By Randy D. Smith
The author harvested this Kansas buck during the end of a snow storm, which brought with it 40 mph winds and a windchill temperature south of zero.
-- I simply do not have the luxury of hunting on days when the weather is perfect. I'm certain most deer hunters are in the same boat. My home state of Kansas offers a total of 25 days for hunters to harvest a buck with a firearm. While that sounds like a fairly reasonable amount of time to most people, keep in mind that the number of so-called productive hunting days are much less.

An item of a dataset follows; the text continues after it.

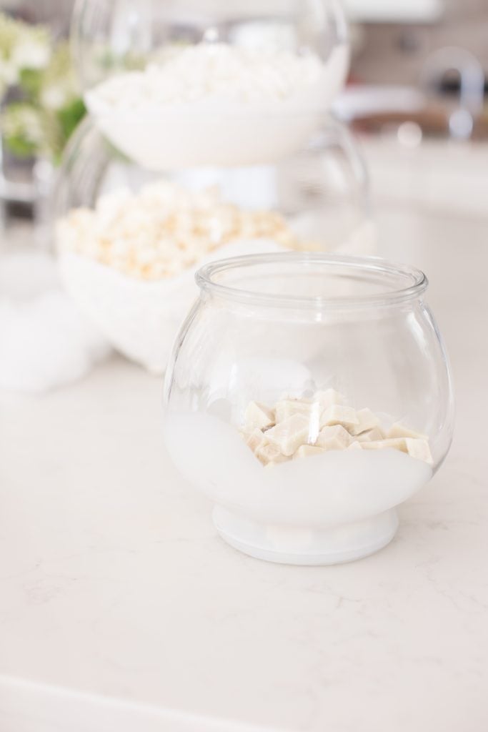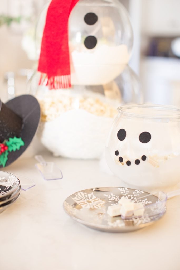 Once your glasses pieces have dried, start to assemble your snowman! I took a paper towel and made sure to give the glass pieces a little wipe down before I inserted the snacks.

Like many hunters, I have workplace obligations and the distance to my hunting area is great enough that I simply cannot hunt before and after work. Another point worthy of mentioning is that productive deer hunting falls faster than the unpredictable stock market once rifle hunters hit the woods.
Add wintry weather to the laundry list of adversity and it can be a daunting task to find yourself gripping a set of antlers before the season is over. However, the goal can be accomplished with a few scheduled vacation days and the know-how to hunt in rough weather.
Typically, I take time off from work to hunt the first seven days of our rifle season. The first five days are what I consider to the best opportunity to harvest a buck. Of those days, Wednesday through Friday have the least amount of pressure from other hunters. A non-scientific estimate reveals that I have seen and taken more than 90 percent of my truly nice bucks during those three days. It does not matter what the weather is like on that opening Wednesday, I am out there from dawn until the last moment of shooting light.
So what has the weather been like on those opening Wednesdays over the past 30 years of deer hunting? I can recall the number of ideal openers on the fingers of one hand. Oddly enough, I do not recall harvesting more than two bucks on nice opening days. But I can remember taking my best bucks in severe weather conditions.
There was a season when the weather was literally blizzard conditions. I plowed through 4-foot deep snowdrifts in my Suzuki Samurai that year. There was not another soul out hunting that day, and I seriously wondered if I had lost my mind.
I drove to a 240-acre sand hill pasture we leased with an 80-acre thick stand of red cedars, sand hill plum thickets and locus trees. I began still-hunting through the woods and quickly realized that in spite of the raging blizzard going on, fresh deer tracks were in plain view.
I found a large set of buck tracks and followed them to a cluster of cedars where the buck was waiting out the worst of the storm. I took that 140-class, 8-point buck at less than 40 yards away with a .45-70 Marlin. I had only been out in the elements just shy of 40 minutes.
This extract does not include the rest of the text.